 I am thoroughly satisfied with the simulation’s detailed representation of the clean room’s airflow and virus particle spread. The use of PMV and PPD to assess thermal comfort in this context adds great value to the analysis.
---
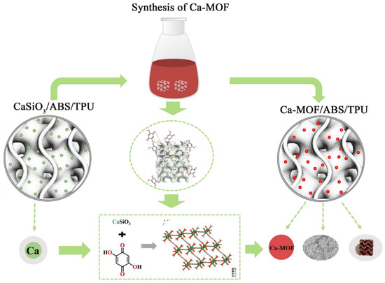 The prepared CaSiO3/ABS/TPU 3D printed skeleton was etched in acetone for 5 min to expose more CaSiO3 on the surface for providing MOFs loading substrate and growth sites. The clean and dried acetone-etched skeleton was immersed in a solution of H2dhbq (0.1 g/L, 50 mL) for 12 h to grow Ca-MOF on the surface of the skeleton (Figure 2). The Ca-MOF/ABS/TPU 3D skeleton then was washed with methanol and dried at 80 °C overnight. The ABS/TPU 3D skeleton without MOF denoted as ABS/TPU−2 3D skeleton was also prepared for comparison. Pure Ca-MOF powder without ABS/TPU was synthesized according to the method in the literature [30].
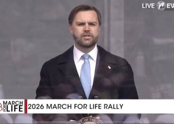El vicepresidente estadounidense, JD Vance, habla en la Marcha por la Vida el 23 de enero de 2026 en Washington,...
--
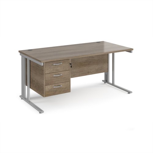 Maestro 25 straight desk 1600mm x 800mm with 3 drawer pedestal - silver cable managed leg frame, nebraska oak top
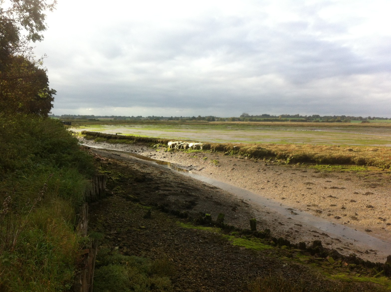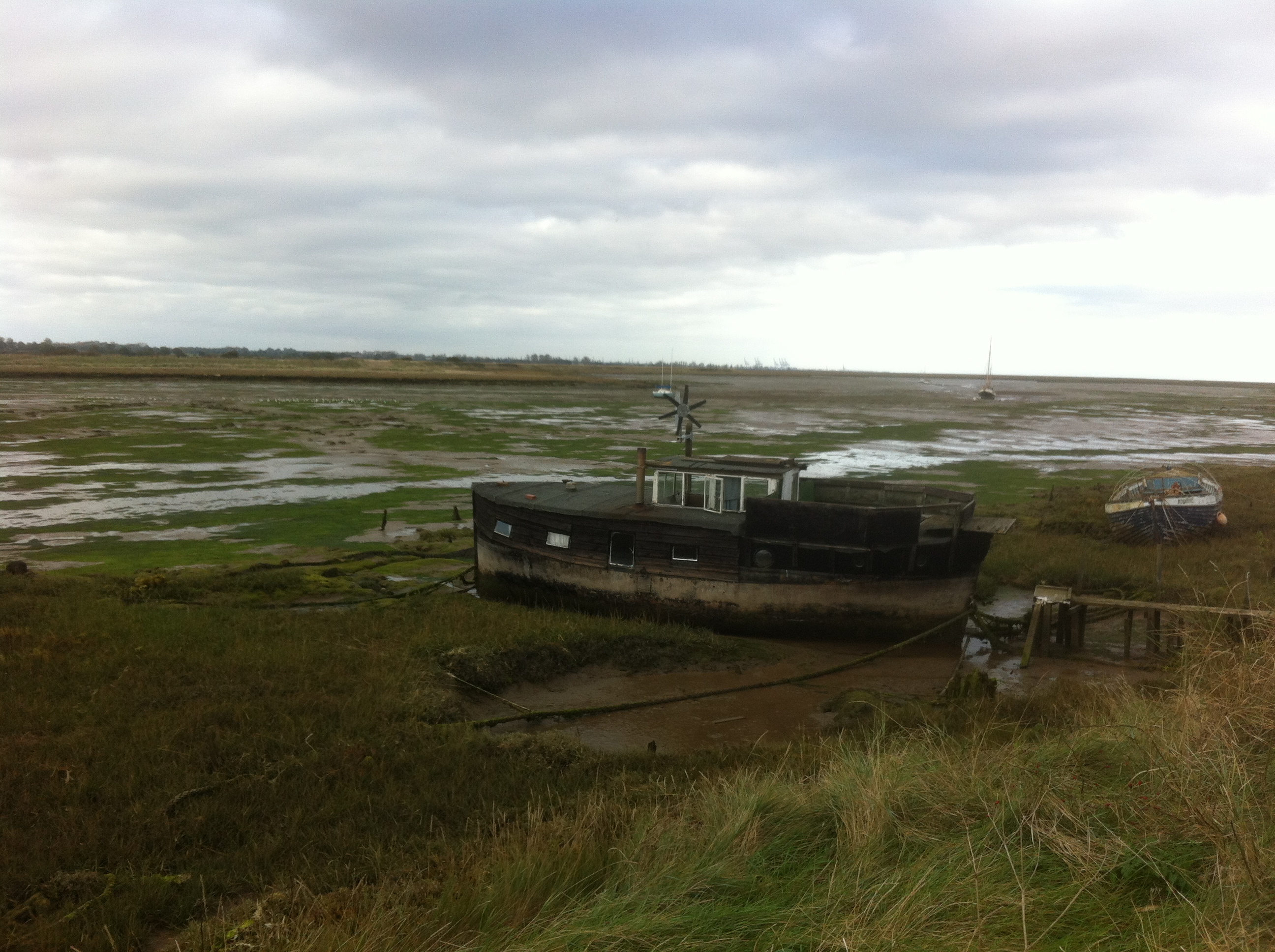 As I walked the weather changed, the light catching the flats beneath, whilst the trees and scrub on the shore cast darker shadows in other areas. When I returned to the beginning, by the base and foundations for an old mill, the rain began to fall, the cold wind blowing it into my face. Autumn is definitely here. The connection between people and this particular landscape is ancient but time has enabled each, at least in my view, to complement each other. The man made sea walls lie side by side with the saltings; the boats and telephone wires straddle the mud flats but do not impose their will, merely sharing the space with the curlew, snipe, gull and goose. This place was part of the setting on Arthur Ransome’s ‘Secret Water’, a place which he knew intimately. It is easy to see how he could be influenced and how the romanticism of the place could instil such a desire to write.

**Description of the task:**
Return exactly the lines above, from the one with "The prepared CaSiO3/ABS/TPU" up to and including the one with "El vicepresidente estadounidense, JD", and include no pictures.

**Response area:**
 The prepared CaSiO3/ABS/TPU 3D printed skeleton was etched in acetone for 5 min to expose more CaSiO3 on the surface for providing MOFs loading substrate and growth sites. The clean and dried acetone-etched skeleton was immersed in a solution of H2dhbq (0.1 g/L, 50 mL) for 12 h to grow Ca-MOF on the surface of the skeleton (Figure 2). The Ca-MOF/ABS/TPU 3D skeleton then was washed with methanol and dried at 80 °C overnight. The ABS/TPU 3D skeleton without MOF denoted as ABS/TPU−2 3D skeleton was also prepared for comparison. Pure Ca-MOF powder without ABS/TPU was synthesized according to the method in the literature [30].
El vicepresidente estadounidense, JD Vance, habla en la Marcha por la Vida el 23 de enero de 2026 en Washington,...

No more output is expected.